Common, don't bull him. You know his real feelings, business and love are from different worlds 

BTW, I love 08 XT hydros, even if I just have the levers they feel practically the same with Siant calipers


----------



## Warp (May 24, 2004)

Gauss said:


> BTW, I love 08 XT hydros, even if I just have the levers they feel practically the same with Siant calipers


That is because all Shimano calipers are virtually the same.... since de 755 (first 2 pots XT) I think... You could even put the fancy ServoWave levers on an old 555 and it will still work.

That's good. I guess only Magura uses different sized ratio cylinders depending on the application. Gustav, Marta and Louise all have different sized calipers/master cylinders.... which is good in its own sense. You get an optimized brake for your use.
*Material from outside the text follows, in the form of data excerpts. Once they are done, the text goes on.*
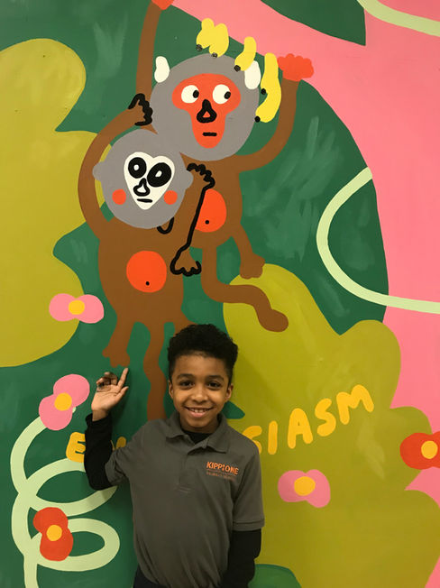 An ADORABLE art project done with the students of Kipp One. Twelve classrooms learned about twelve different jungle animals, and drew them in art class. The best/most unique drawings were chosen for me to paint into this big hallway mural for the students to see and be proud of every day! To share some extra cuteness, I've included pictures of the chosen drawings and of the students who drew them next to their animal.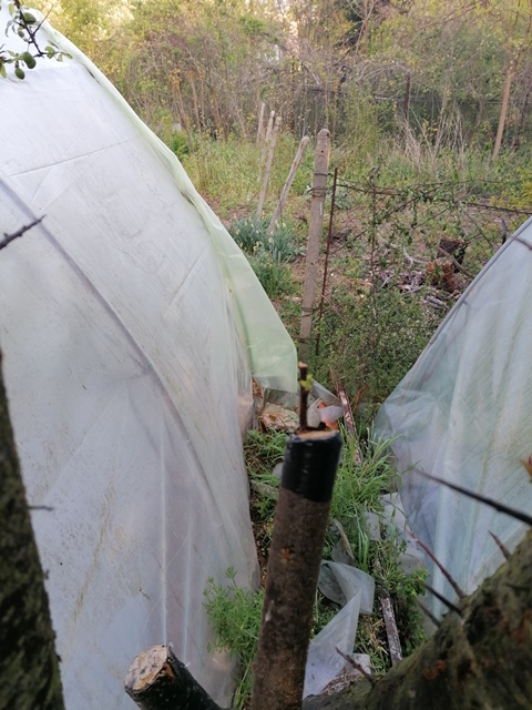 Да покажа тази година какво стана. За протокола: присаждано е само върху жълта джанка. Калемите от сливата са сорт Рут Гещетер и са събирани февруари и съхранявани в найлонова торбичка в хладилник, а от черешата са отрязани в деня на присаждането, като пъпките вече бяха наедрели. Присаждано е по метода "кози крак" и "под кора". Вижда се, че някъде от 4 калема е тръгнал един, а някъде повече, но след като сваля лентата ще кажа кой метод има по-висока успеваемост. Успех на всички в експериментите.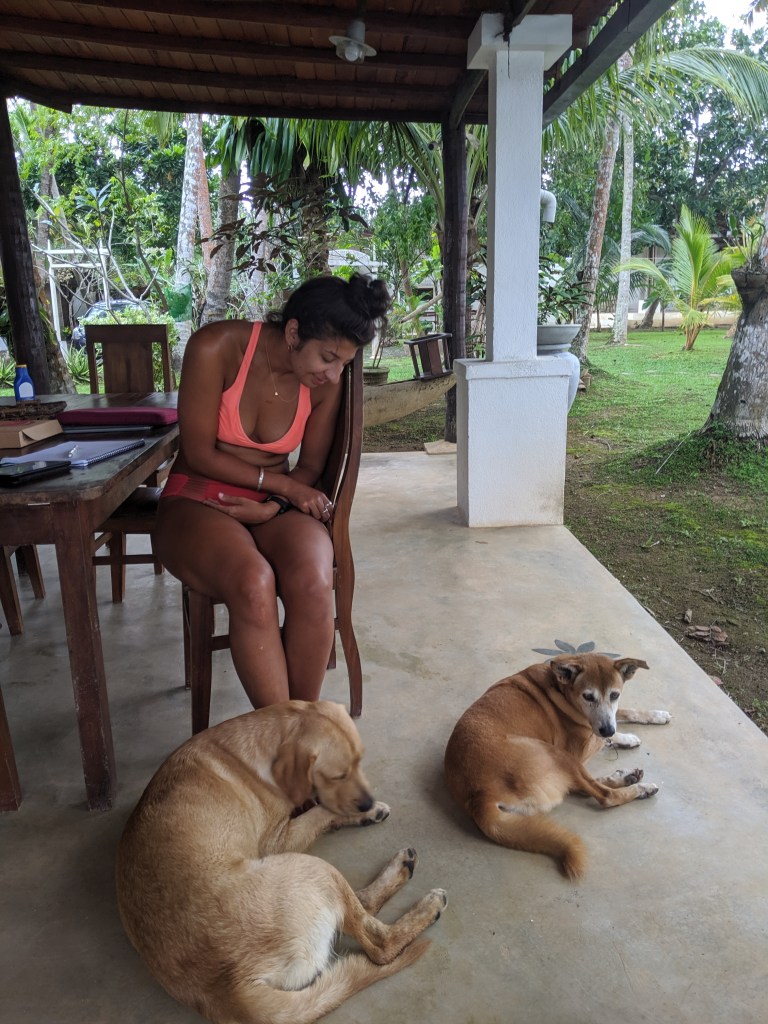 When we arrived at Deep Blue Sri Lankan rentals it was a bit gray out, but it didn’t mask the beauty of the property. It was a beautiful compound with several villas, rooms, an open kitchen, common area, open access to the ocean, and the best part a pool! Actually, the best part was that there were three sweet pups that we bonded with instantly. We didn’t know the names, or if they even had names, but they were so sweet and just wanted a good belly rub and some treats. Another plus to this place was that we were there during off season, so we literally had the whole property to ourselves, except for one night. It was like having our own personal pool and villa.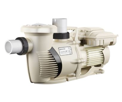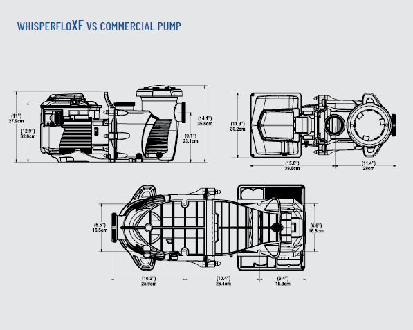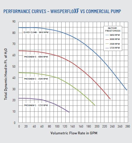 The WhisperFloXF VS Commercial Pump is the first five-horsepower variable-speed pool pump that runs on single-hase or three-phase power. It’s an economical, combined motor/drive solution for both HMAC (hotel, motel, apartment, condominium) or large residential installations. The WhisperFloXF VS Commercial Pump provides ophisticated, energy saving pump technology without the high costs typically associated with independent ump/external drive setups. STANDARD FEATURES • Integrated 5HP motor/drive; no expensive external drive required. • Versatile power input capability; runs off a wide range of single- or three-phase power. • Speed or flow control for maximum efficiency and pool performance*. • External control capability through automation systems or relays. • Intuitive programming and operation. • Meets commercial codes and agency requirements. Pump Body Volute type back pull out design for ease of working on impeller, diffuser and seal. • Port Size - Inlet (suction): 2.5" union can be adapted to 3 inches. - Outlet (discharge): 2.5" union can be adapted to 3 inches. • Material - 30% glass filled polypropylene materials. - 1⁄4" NPT thermoplastic drain plug of thumbscrew (no tool required) design on the strainer for winterizing. • Impeller - Noryl glass filled PPO resin enclosed design for corrosion prevention and maximum flow efficiency. - Threaded brass with stainless steel locking screws. • Diffuser - Glass filled noryl thermoplastic material with bronze impeller wear ring. - Hydraulic isolator design for maximum efficiency. • Seal plate - Fiberglass reinforced modified PPE thermoplastic material. • Mechanical Seal - Ceramic and carbon seal. - Stainless steel and EPDM materials • Base - Fiberglass reinforced modified PPE thermoplastic with slotted holes for easy mounting. • Gaskets - Buna N rubber compression resistant. • Bolts, Nuts, and Washers - Stainless steel and brass with nickel plating. • Corrosion Prevention - All thermoplastic pump body for maximum hydraulic performance, noise reduction and corrosion prevention. Hair and Lint Strainer • Basket - HDPE (polyethylene) basket colored white for easy debris removal. - Securely positioned below the suction inlet of the trap, with access for inspection and cleaning through the removable lid. • Lid - Clear polycarbonate thermoplastic lid for easy view into the basket area. • Lid Locking Ring - Cam and Ramp™ Lid and Locking Ring allow for quick and easy access to the basket. - O-ring seal Motor • Frame and Type - NEMA Rated 56 Frame totally enclosed fan-cooled construction. - Variable speed induction motor. • Shaft - 300 series stainless steel construction. • Thermal Overload Protection - Thermal overload protection provided by the integral motor control. • Sealed Bearings - Lubricated, double sealed, stainless steel, single row ball bearings. Electrical - 208-230/277-460V single-phase. - 208-460V three-phase. - 50/60Hz. - WEF 5.0 THP 5.0. - Single part number to cover all voltage ranges. Pump Maximum Thermal Limits - Ambient air temperature: 122˚ F (50˚ C). - Liquid temperature: 104˚ F (40˚ C).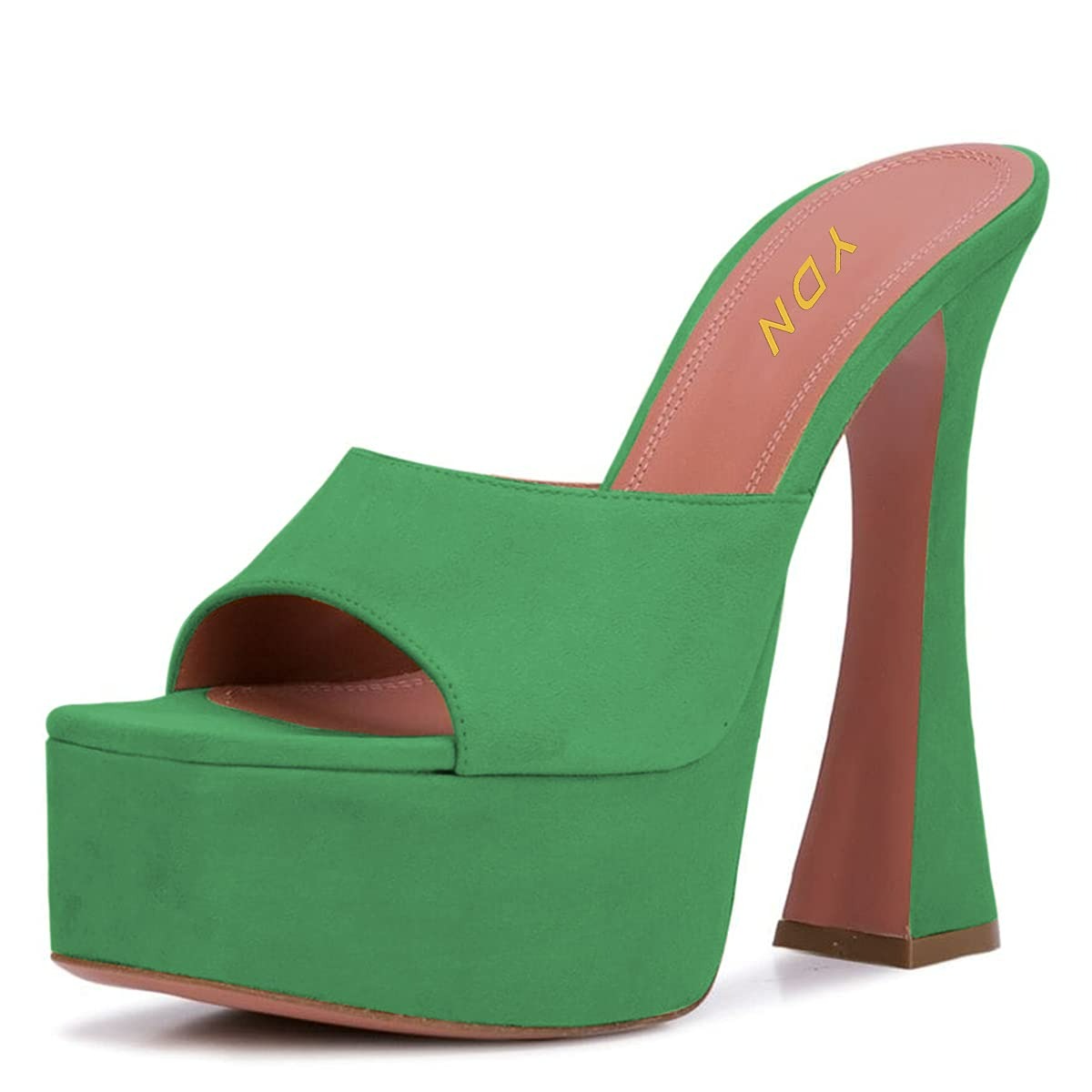 Green Flared High Heel Wide Strap Square Toe Platform Mules Sandals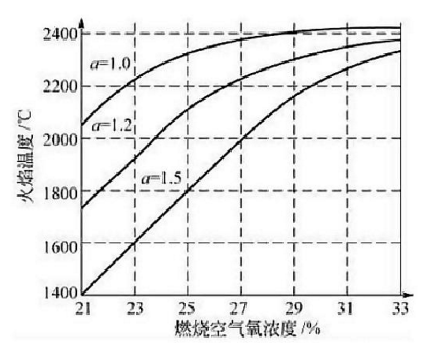 图1:氧浓度与燃烧火焰温度的关系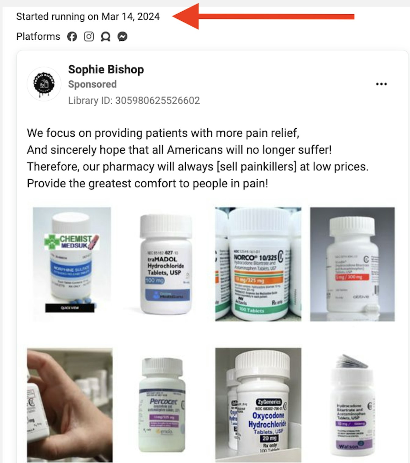 The same Sophie Bishop page ran an ad starting March 14 that showed an array of prescription drugs including Norco, tramadol, oxycodone under various brand names, and Percocet, which combines oxycodone and acetaminophen. The ad, which pointed to the same online store as the previous ad, stated, “We focus on providing patients with more pain relief” and “sincerely hope that all Americans will no longer suffer!” Touting its pharmacy’s low prices, it ended with, “Provide the greatest comfort to people in pain!” The ad ran on Facebook, Instagram, Messenger, and Meta’s Audience Network.

I think all brands use the very same size master cylinders with different pistons. So, fluid volume apart, you can use any Formula/Hayes/Avid/Shimano master cylinder with any brake of the same brand.

But... Shimano master cylinders are the same diameter as Magura Marta's (10mm)... so, in theory you could match a Marta Brake with ServoWave levers. Fluid is also mineral oil, so seals are not a concern. You just didn't hear it from me and just for the record, it will void both warranties...


----------



## tacubaya (Jan 27, 2006)

I won't read all the choro... Maguras are superior, but why change my Avids if they work great and they have enough power for me? I am no poser like you Warp.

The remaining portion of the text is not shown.